[[ Input records open ]]
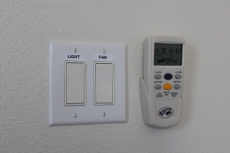 There is a large 72 inch 6 speed remote controlled near silent DC ceiling fan with light to compliment the air-conditioning & table lamp lighting
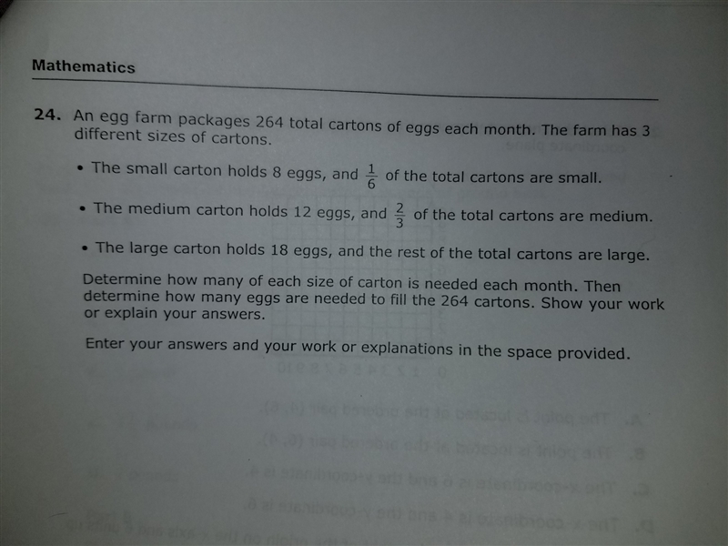 There are 264 cartons in total and 1/6 of these are small, 2/3 are medium and the rest are large, thus:
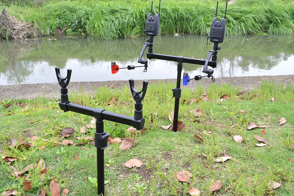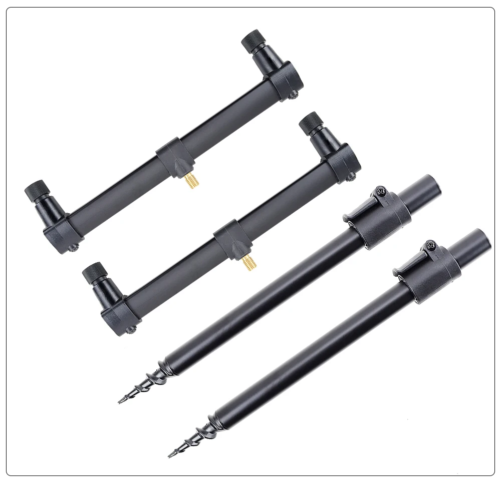 Este juego de cañas de pescar carpas fue hecho con una aleación de aluminio triangular, que incluye 1 bolsa de 2 palos de Banco de piezas y 2 barras de zumbido de La piezas, son más fuertes y de un color acabado muy agradable, perfecto para la pesca de carpa.
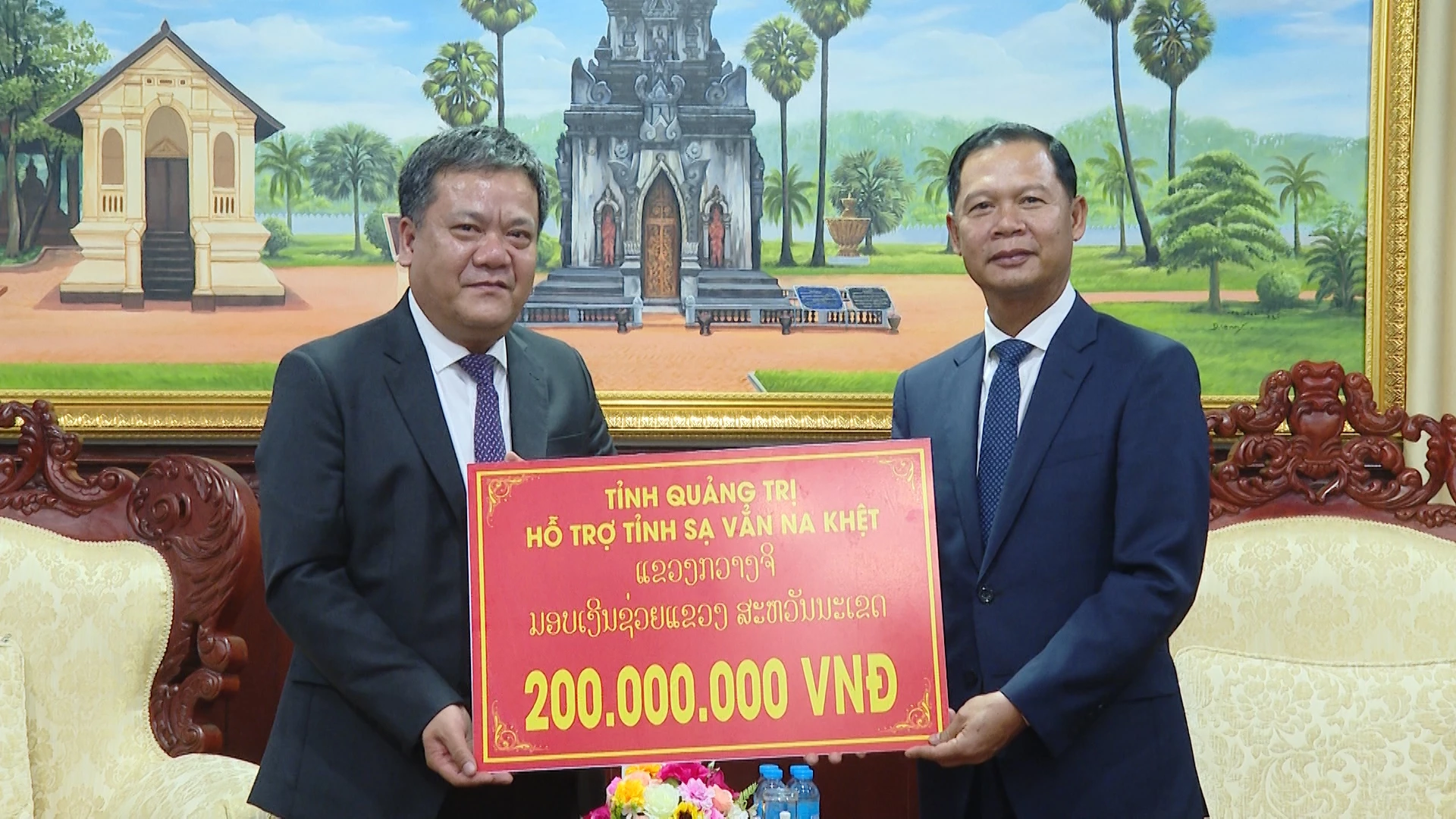 Đoàn đại biểu cấp cao tỉnh Quảng Trị trao hỗ trợ tỉnh Savannakhet 200 triệu đồng thực hiện công tác an sinh xã hội - Ảnh: Đ.A
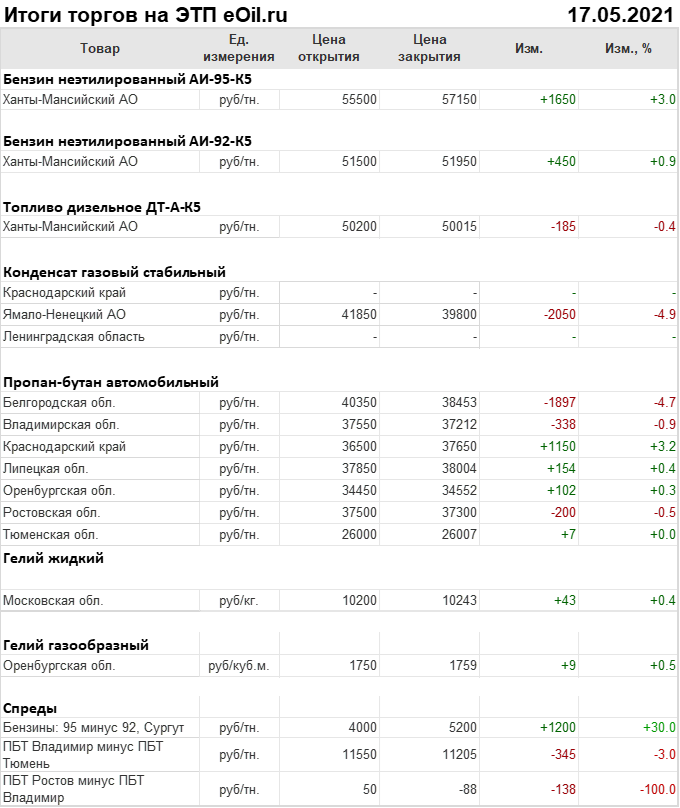 Итоги торгов на ЭТП eOil.ru 17 мая 2021
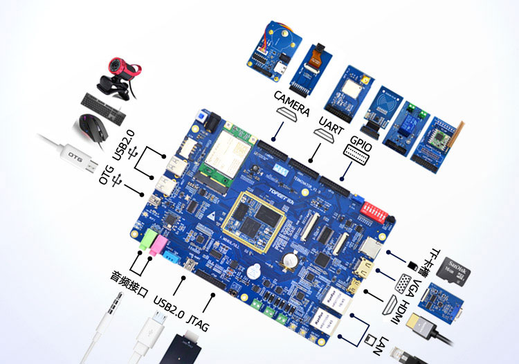 支持外接GPS、攝像頭、RFID、繼電器、LORA、步進電機、VGA、USB設備等多種模塊。
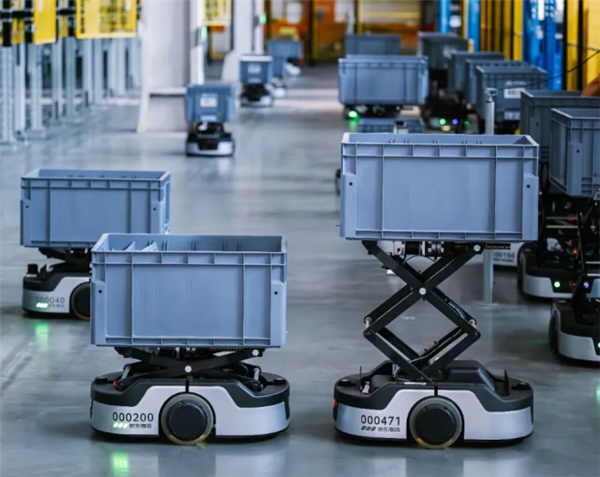 与传统仓库不同,“智狼仓”实现了“货到人”的智能化作业流程:“飞梯”机器人在空中轨道运行,精准从货架中拣选货物,再由“智狼”搬运机器人自动运送至操作员工位。
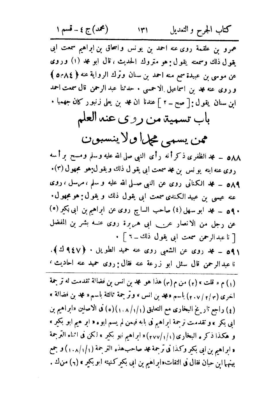 - باب تسمية من رُوي عنه العلم، مِمَّن يُسَمَّى مُحَمدًا، ولا ينسبون.
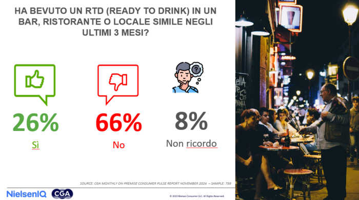 La ricerca aiuta a valutare il comportamento dei consumatori e a identificare le aree di crescita del settore, che a novembre 2024 ha registrato un sostanziale equilibrio vs lo scorso anno con l’84% dei consumatori che ha dichiarato di essere uscito a mangiare e il 55% di essere uscito per un drink. In particolare la ricerca ha analizzato il segmento RTD, sempre più conosciuto e presente nell’Horeca. Infatti, più di un terzo dei consumatori (35%) afferma di aver notato un aumento dei drink pronti da bere negli ultimi 12 mesi, mentre solo il 3% ha registrato una diminuzione.
[[ Input records closed ]]
Task instructions
Leaving out every picture, repeat exactly the lines of the records from the start through the line that has "Este juego de".

Problem solution
 There is a large 72 inch 6 speed remote controlled near silent DC ceiling fan with light to compliment the air-conditioning & table lamp lighting
 There are 264 cartons in total and 1/6 of these are small, 2/3 are medium and the rest are large, thus:
 Este juego de cañas de pescar carpas fue hecho con una aleación de aluminio triangular, que incluye 1 bolsa de 2 palos de Banco de piezas y 2 barras de zumbido de La piezas, son más fuertes y de un color acabado muy agradable, perfecto para la pesca de carpa.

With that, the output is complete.